[Rcpp-devel] Rcpp internal versions of lapply and sapply
Romain Francois
romain.francois at dbmail.com
Wed Jun 16 16:18:13 CEST 2010
Le 16/06/10 14:58, Douglas Bates a écrit :
>
> Ever since I read Phil Spector's book on S I have been a fan of
> functional programming in S and R. When Jose Pinheiro and I were
> working on the nlme package there was a joke between us that you could
> tell which of us wrote which parts of the code because his parts
> always had an object named "aux" and my parts always had
> "unlist(lapply(list(...)))".
>
> Even within C++ I like to use the std:: algorithms like
> std::transform, but, of course, there are differences between a
> strongly typed language like C++ and a dynamically typed language like
> S. Templates can get around these differences to some extent but I am
> still a bit of a novice regarding templates.
>
> Currently I want to apply some functions to lists but entirely within
> the C++ code (i.e. I don't want to create Rcpp Function objects and
> call back to R). For the sake of argument, consider a function that
> extracts the lengths of the components of the lists.
>
>
> library(Rcpp)
> library(inline)
> inc<- '
> class length {
> public:
> R_len_t operator() (RObject const& x) {return Rf_length(SEXP(x));}
> };
> '
> code<- '
> List lst(ll);
> IntegerVector ans(lst.size());
> std::transform(lst.begin(), lst.end(), ans.begin(), length());
> return ans;
> '
> ltst<- cxxfunction(signature(ll = "list"), code, "Rcpp", inc)

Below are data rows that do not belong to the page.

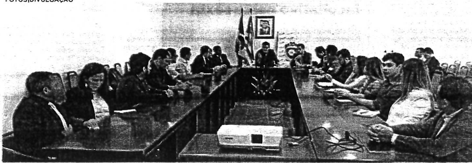
Gestores da Seap reúnem-se com representantes do Conselho de Política Penitenciária na Casa Civil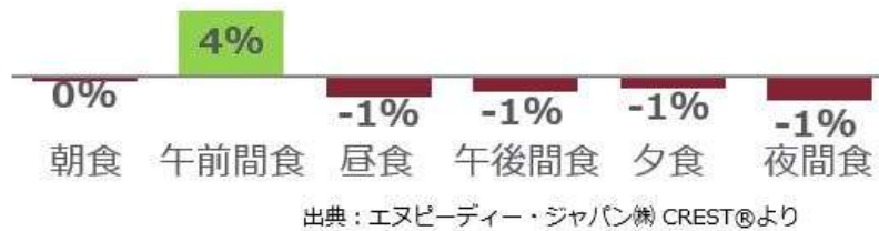
<図表3> 食機会別 食機会数成長率 2019年第2四半期 vs. 2018年第2四半期 %

10 連休の影響は、平日の需要を奪い、普段使いの店は苦戦しました。さらに、旅行や行楽にお金を使ったことで、連休後に食事コストの節約傾向が高まったようです。また、食品や外食の値上げが相次いだこと、増税を控えていることで、節約志向が高まっています。長すぎる連休は、外食・中食業界にとって、あまりプラスにならないこともあることから、休日需要をいかに取り込むか対策していく必要があります。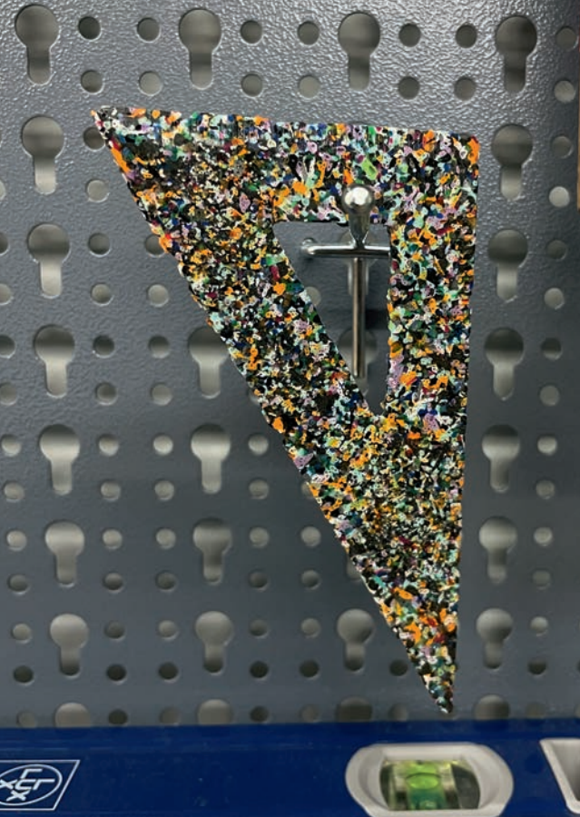
Dreieck aus recyceltem Plastik aus dem Backofen.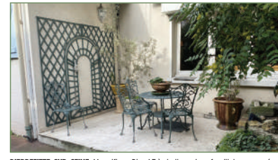
PIERREFITTE-SUR-SEINE. Magnifique Bien ! Très belle maison familiale composée de 2 parties séparables. Séj. cuis., salon, à l'étage 2 chs, 1 sdb. L'autre partie toute en longueur sur des demi niveaux, avec une très grande cuis. ouverte avec salle à manger, un séj., 3 chs, 1 sdb, un dressing, un grand bureaux très lumineux pouvant être transformé en ch avec point d'eau. Une piscine couverte et intérieure une cave à vin et de nombreux débarras et caves. En rdc, un hangar, des ateliers, des bureaux. En extérieur de nombreux boxes, une serre et un immense jardin sans vis à vis - 840 000 €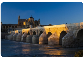
科尔多瓦古罗马桥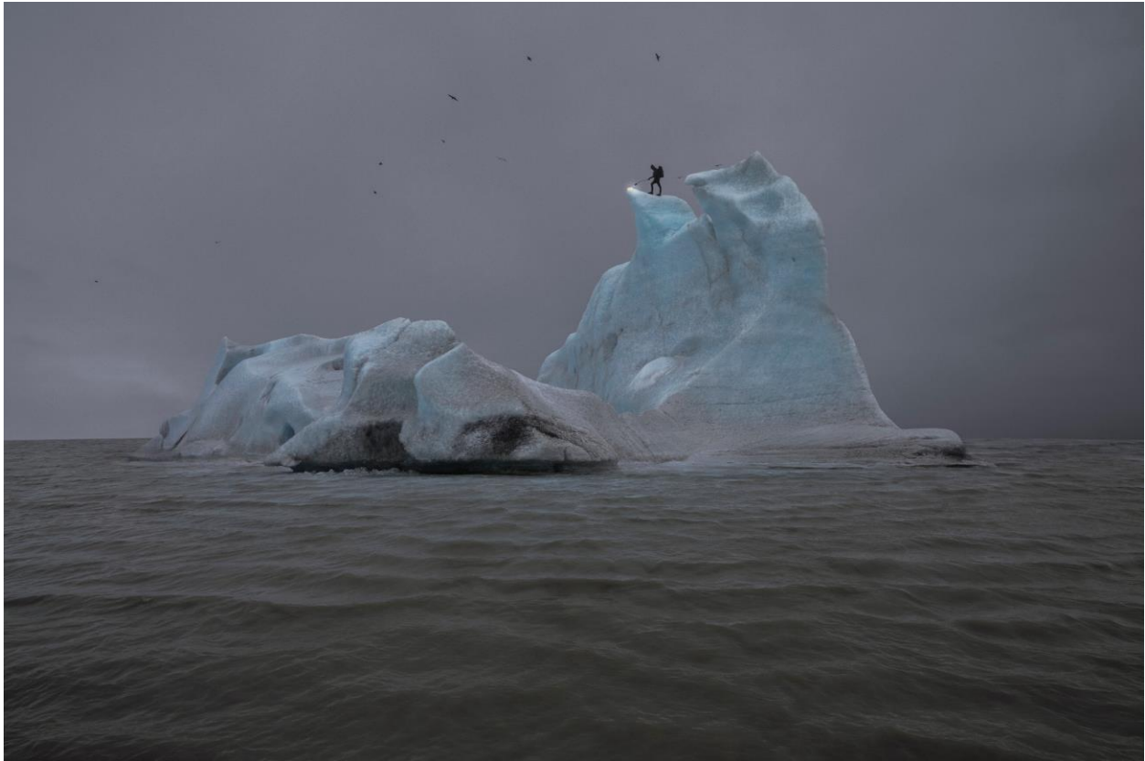
Julian CHARRIÈRE, The Blue Fossil Entropic Stories , 2013, photographie, 100 x 150 centimètres, pièce unique.

En 2013, l'artiste franco-suisse Julian Charrière (1987, basé à Berlin) s'est rendu sur un glacier islandais pour en faire fondre la surface. Cet acte de destruction futile, documenté par une série de photographies, questionne — et représente — le rapport de l'homme à la nature à l'heure de l'Anthropocène.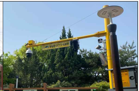
<스마트AI CCTV 설치>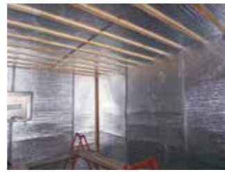
床・壁・天井に遮熱シートを貼ります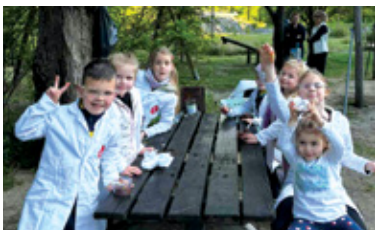
Radionica za male istraživače bila je spoj zabave i učenja kroz raznolike STEAM aktivnosti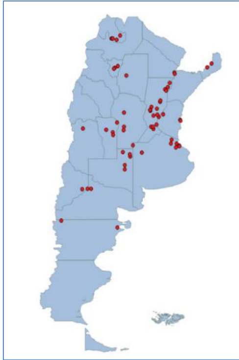
Ilustración 2- Ubicación geográfica de las plantas relevadas.

De las plantas relevadas, el 53,1% de las plantas pertenecen al sector privado, el 37,5% al sector público, y el porcentaje restante pertenece a cooperativas y ONG.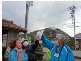
細呂木地区のガイド案内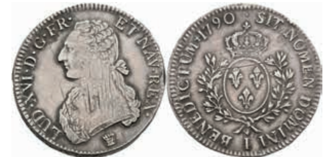
877 Ecu, 1790, Louis XVI., Limoges, Gadoury 356, justiert, ss+. 80,—

Alle Einzellose und Zertifikate/Gutachten sind unter www.rhenumis.de farbig abgebildet!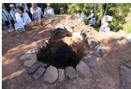
Visite commentée du four à cade des pousselons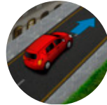
Asistente de arranque en pendientes (HAC)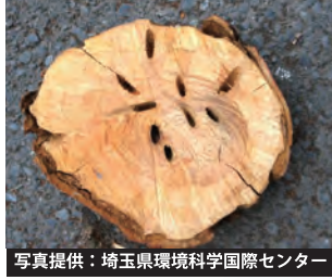
幼虫に食害された樹木の内部

公園や街路樹などのサクラ が加害されると 景観が悪化 し たり、 お花見を楽しむことが できなくな ってしまいます。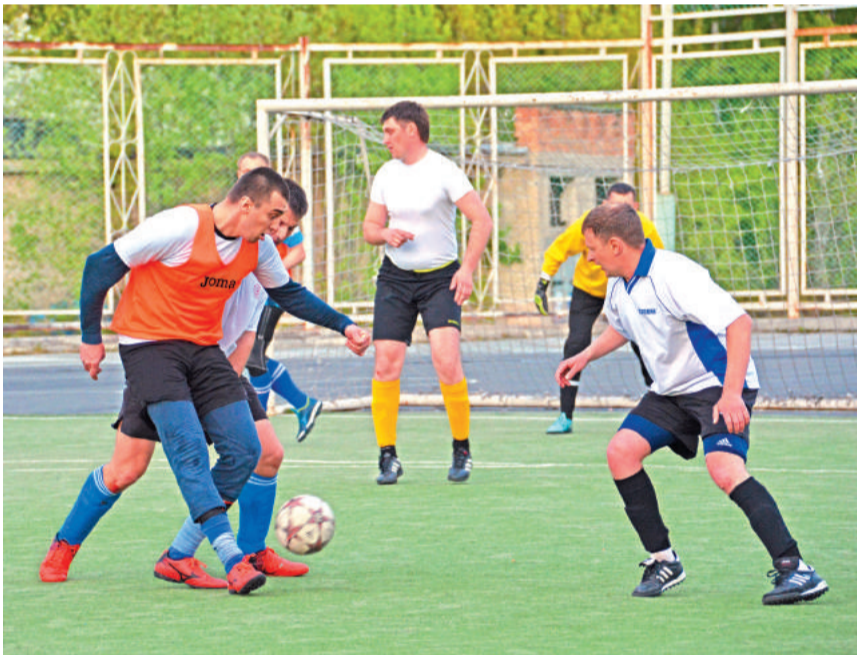
«Спутник» прорывается к воротам команды «Витязь».

27 мая завершились соревнования по мини-футболу в зачёт Спартакиады молодёжи. Стартовал турнир 13 мая, в нём приняли участие 12 команд, сыгравшие в двух группах по круговой системе.

> ll<- list(a = numeric(0), b = LETTERS[6:9], c = c)
> ltst(ll)
> sapply(ll, length)
>
> I would like to create a templated sapply function like
>
> template<int RTYPE>
> Vector<RTYPE> sapply(List ll, ??) {
> Vector<RTYPE> ans(ll.size());
> CharacterVector nms = ll.names();
> if (nms.size() == ll.size()) ans.names() = nms;
> std::transform(ll.begin(), ll.end(), ans.begin(), ??);
> return ans;
> }
>
> but I don't know how to specify the second argument that is a function
> that returns the atomic element type of a Vector<RTYPE> (is this as
> simple as Vector<RTYPE>::value_type?) and has a single argument which
> probably should be an RObject (although might be an SEXP, if that was
> more convenient). Can someone (probably Romain) provide some
> guidance?
I recently added Vector::import_transform which might be all you need.
NumericVector x = NumericVector::import_transform(
y.begin(), y.end(), f) ;
This will work as long as f is of some type acceptable by std::transform.
But let's keep going anyway. One way (I'll write later why this is not
fully satisfactory) is here:
require( Rcpp )
require( inline )
inc <- '
template <typename OBJECT, typename FUN>
SEXP sapply(const OBJECT& object, FUN fun) {
const int RTYPE = Rcpp::traits::r_sexptype_traits< typename
FUN::result_type>::rtype ;
Rcpp::Vector<RTYPE> ans = Rcpp::Vector<RTYPE>::import_transform(
object.begin(), object.end(), fun
) ;
return ans ;
}
template <int RT, typename FUN>
SEXP sapply( const Rcpp::Vector<RT>& object, FUN fun){
const int RTYPE = Rcpp::traits::r_sexptype_traits< typename
FUN::result_type>::rtype ;
Rcpp::Vector<RTYPE> ans = Rcpp::Vector<RTYPE>::import_transform(
object.begin(), object.end(), fun
) ;
ans.names() = object.names() ;
return ans ;
}
template <typename T>
struct square : std::unary_function<T,T> {
inline T operator()( T& t ){ return t*t ; }
} ;
'
code <- '
NumericVector xx( x );
return sapply( xx, square<double>() ) ;
'
fx <- cxxfunction( signature( x = "numeric" ), code, "Rcpp", inc )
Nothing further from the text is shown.